## Exercise requirements
An exact copy of the data below is needed; please leave out any pictures.

**** Information provided

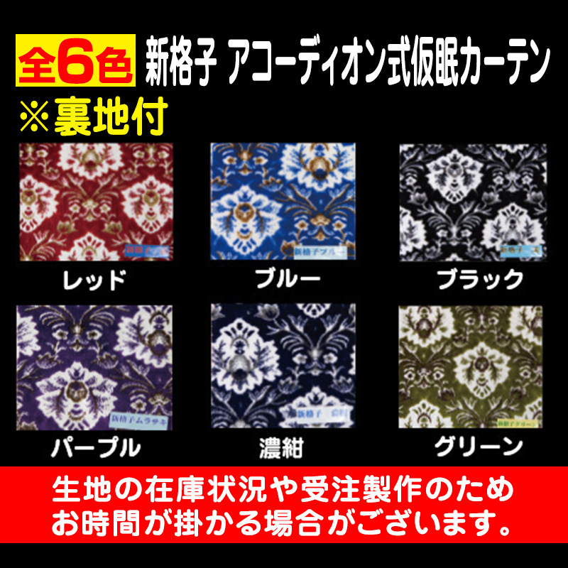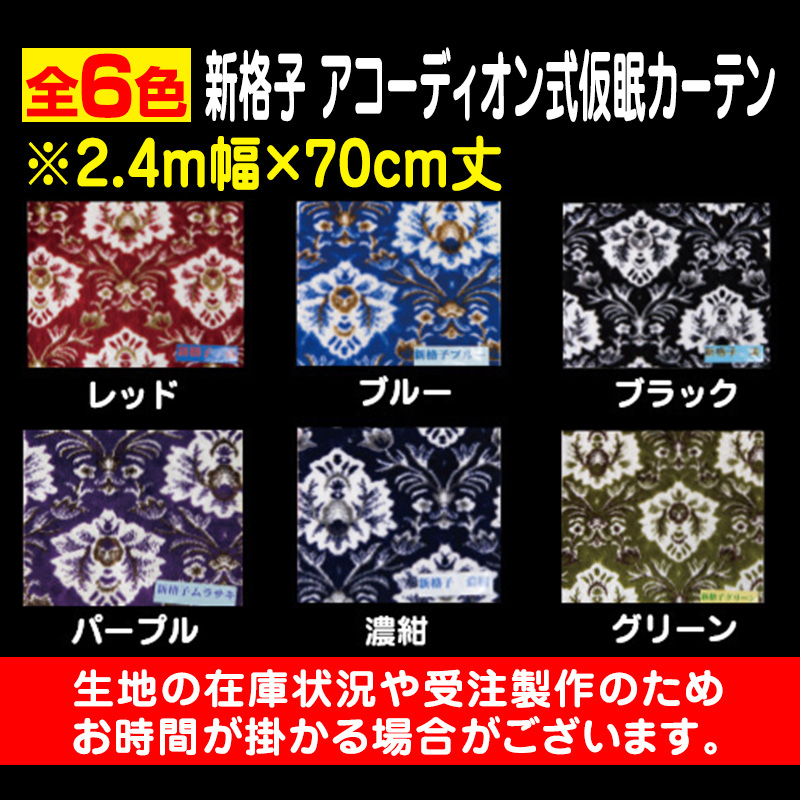 新格子 アコーディオン式仮眠カーテン 2.4m×70cm丈【片面】【2枚1台分】(受注製作品/代引き不可)
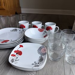 Red Glazes By Doublewhale Dinnerware Set And Libbey Orbita Tumbler And Rocks Glass$15Denver, PA
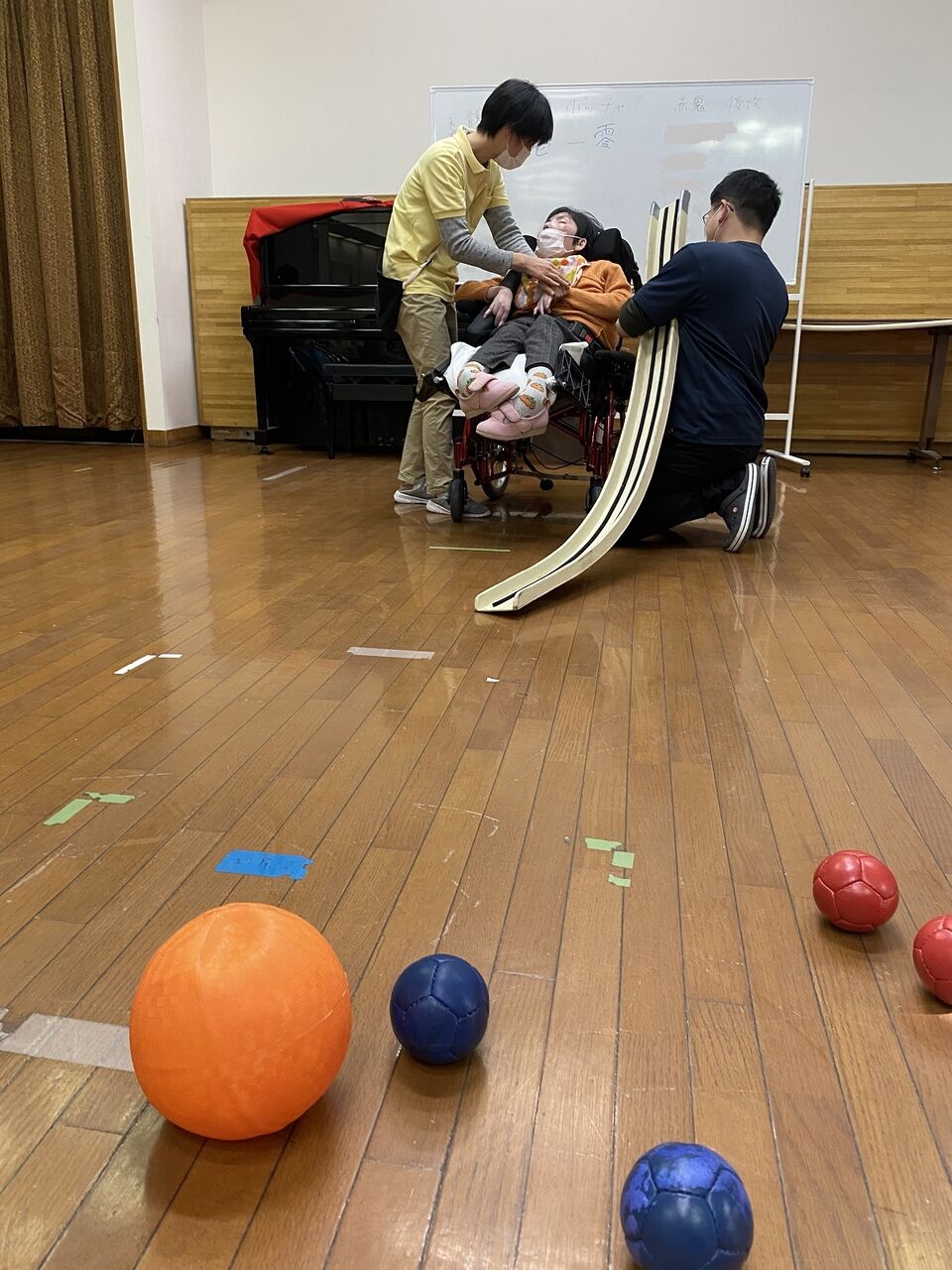 ジャックボール(目標球)と呼ばれる白いボールに、赤・青のそれぞれ6球ずつのカラーボールを投げたり、転がしたり、他のボールに当てたりして、いかに近づけるかを競います。障害によりボールを投げることができなくても、勾配具(ランプ)を使い参加することができます。

********

## Your solution
 新格子 アコーディオン式仮眠カーテン 2.4m×70cm丈【片面】【2枚1台分】(受注製作品/代引き不可)
 Red Glazes By Doublewhale Dinnerware Set And Libbey Orbita Tumbler And Rocks Glass$15Denver, PA
 ジャックボール(目標球)と呼ばれる白いボールに、赤・青のそれぞれ6球ずつのカラーボールを投げたり、転がしたり、他のボールに当てたりして、いかに近づけるかを競います。障害によりボールを投げることができなくても、勾配具(ランプ)を使い参加することができます。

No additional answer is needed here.